Two years after the Ring was destroyed, Frodo as the Ring-bearer and Bilbo as the Ring-finder were accorded the special right to travel to Valinor — where Frodo might be healed and find peace — together with Gandalf, Elrond and Galadriel, the Keepers of the Three Rings. They boarded a ship at the Grey Havens and passed over the sea. Having no children of his own, Frodo left his estate, along with the Red Book of Westmarch, to Sam, who, according to Hobbit legend, followed Frodo across the sea sixty-one years later, following the death of his wife Rose Cotton.
Why did Frodo have to leave the Shire after the ring was destroyed?
The wound he received from the Nasgul poison blade in The Fellowship of the Ring never healed so he was going to Valinor because it was the only place he could be healed...if he had stayed in the shire the poison would have slowly killed him.

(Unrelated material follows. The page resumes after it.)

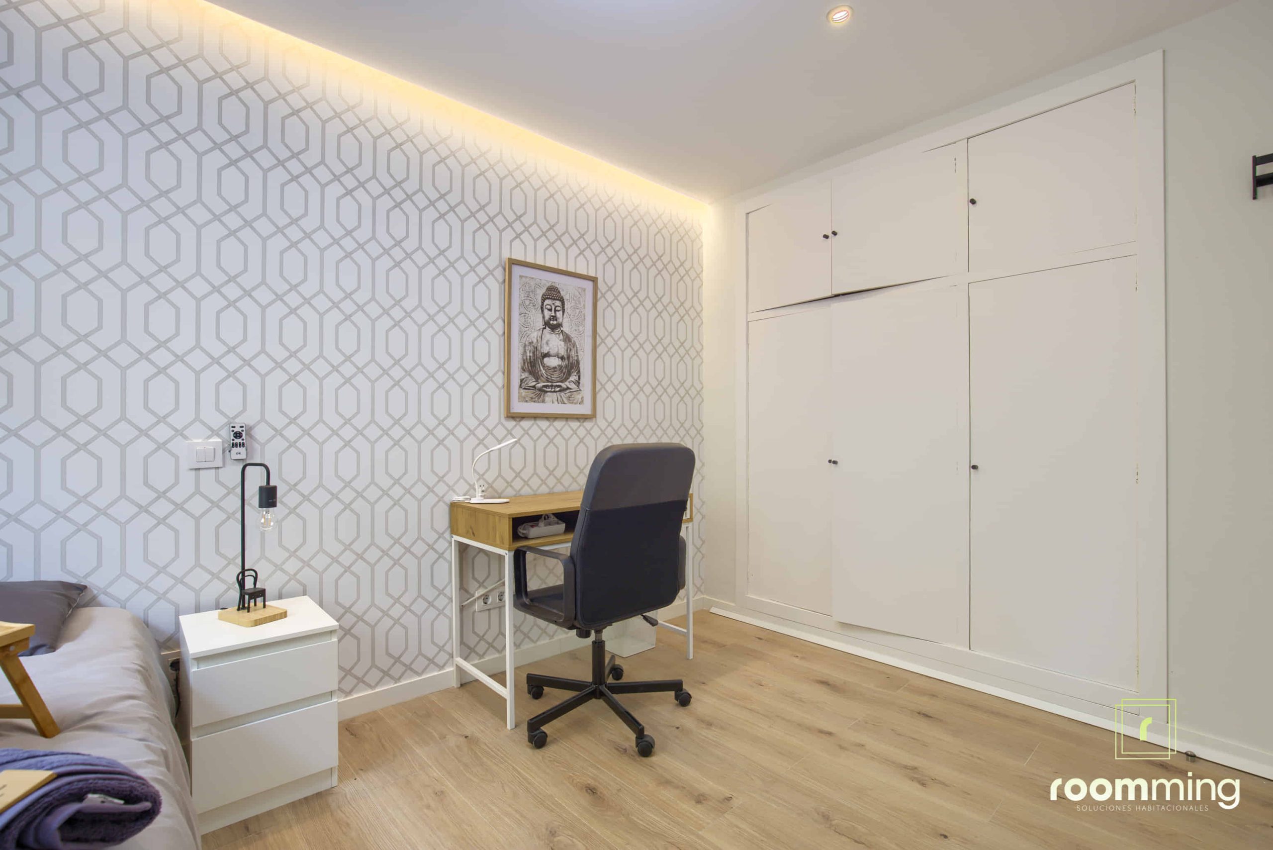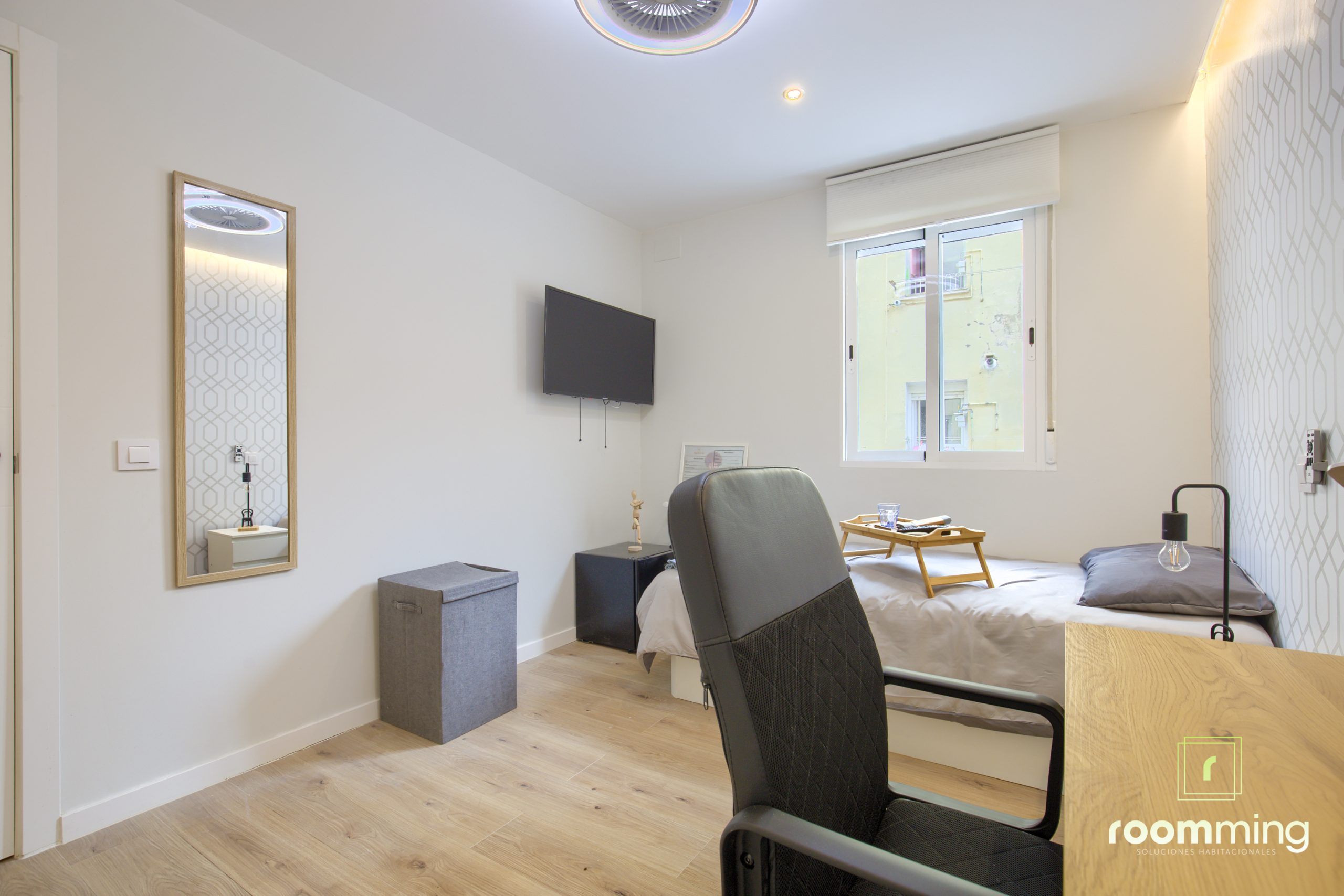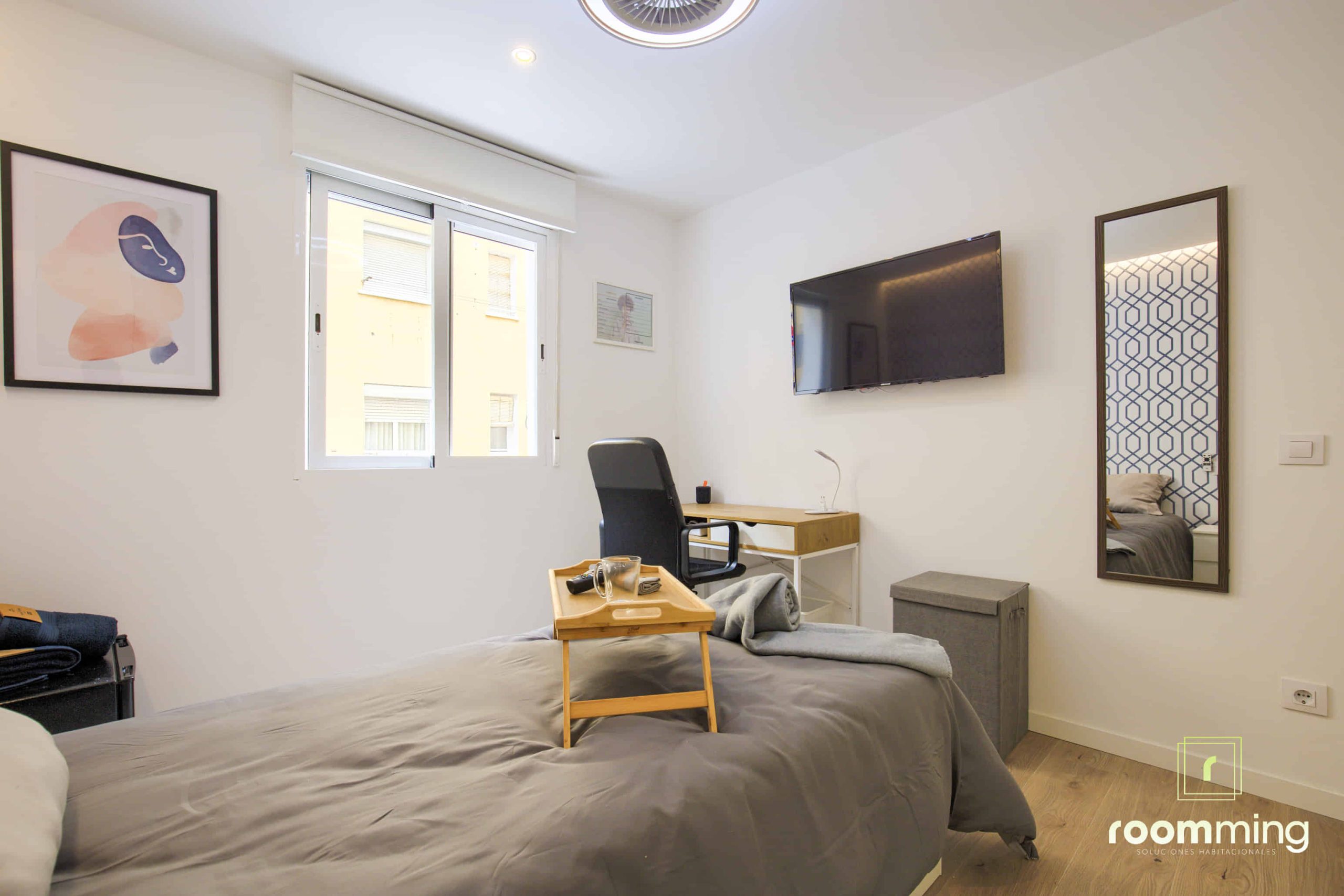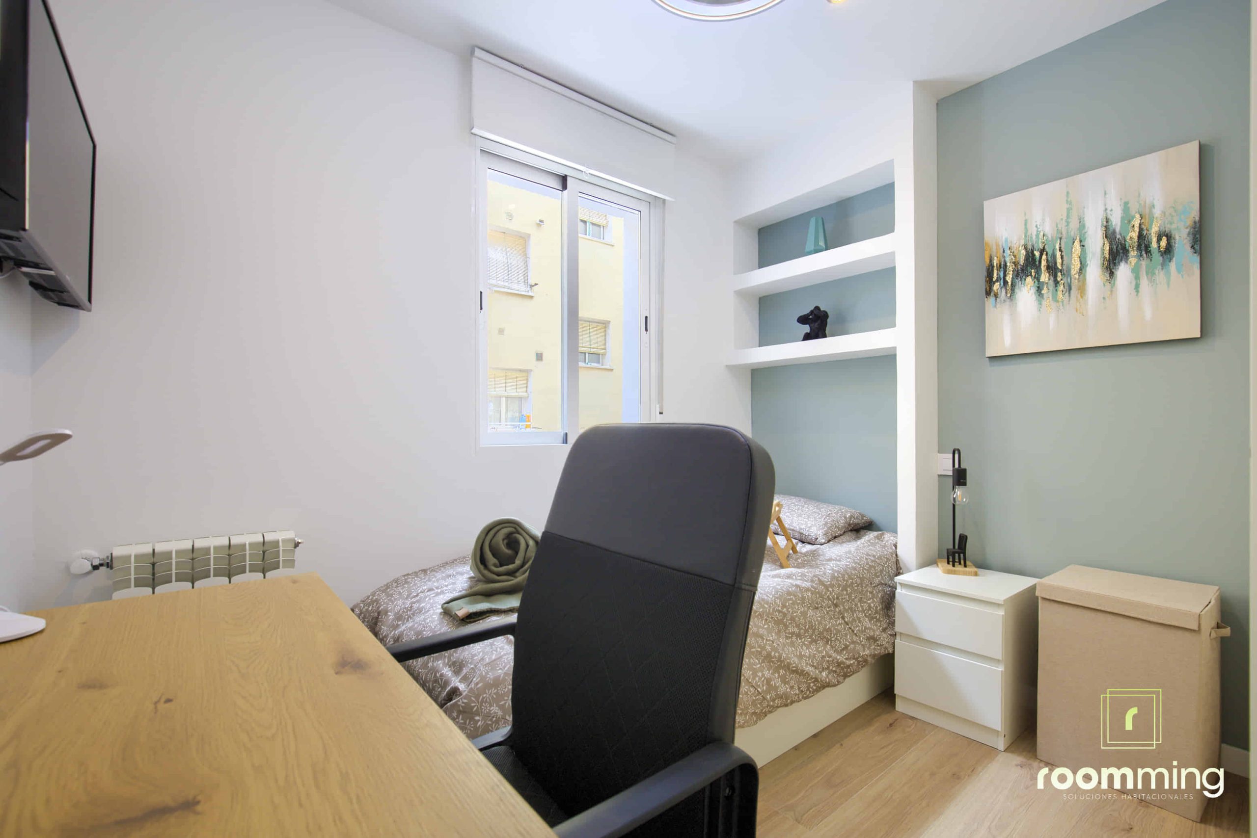 Habitación boutique exterior, dentro de la vivienda San Valero1. Situada la cuarta, cuenta con todas las comodidades que todo estudiante puede demandar. Desde la cama con un colchón premium, canapé con gran almacenaje, escritorio + silla, hasta smart TV, climatización, caja fuerte, etc…

Reply:Thank you for such a great question! And Thanks also to all the great answers I've read so far. Obviously, I'm not the only one who is a serious student of Tolkien.
Reply:The time of magic was at end and the World was moving into the age of man. When Frodo became a "Ringbearer" he became a part of the world of magic, so there was no place for him in the new world.
Reply:They had seen to much. That world was no longer the place for them.
Reply:All of the remaining ring-bearers had to leave. The magical forces of Middle Earth pretty much went to valinor to retire, and since Frodo and Bilbo were both tainted, they had to leave too.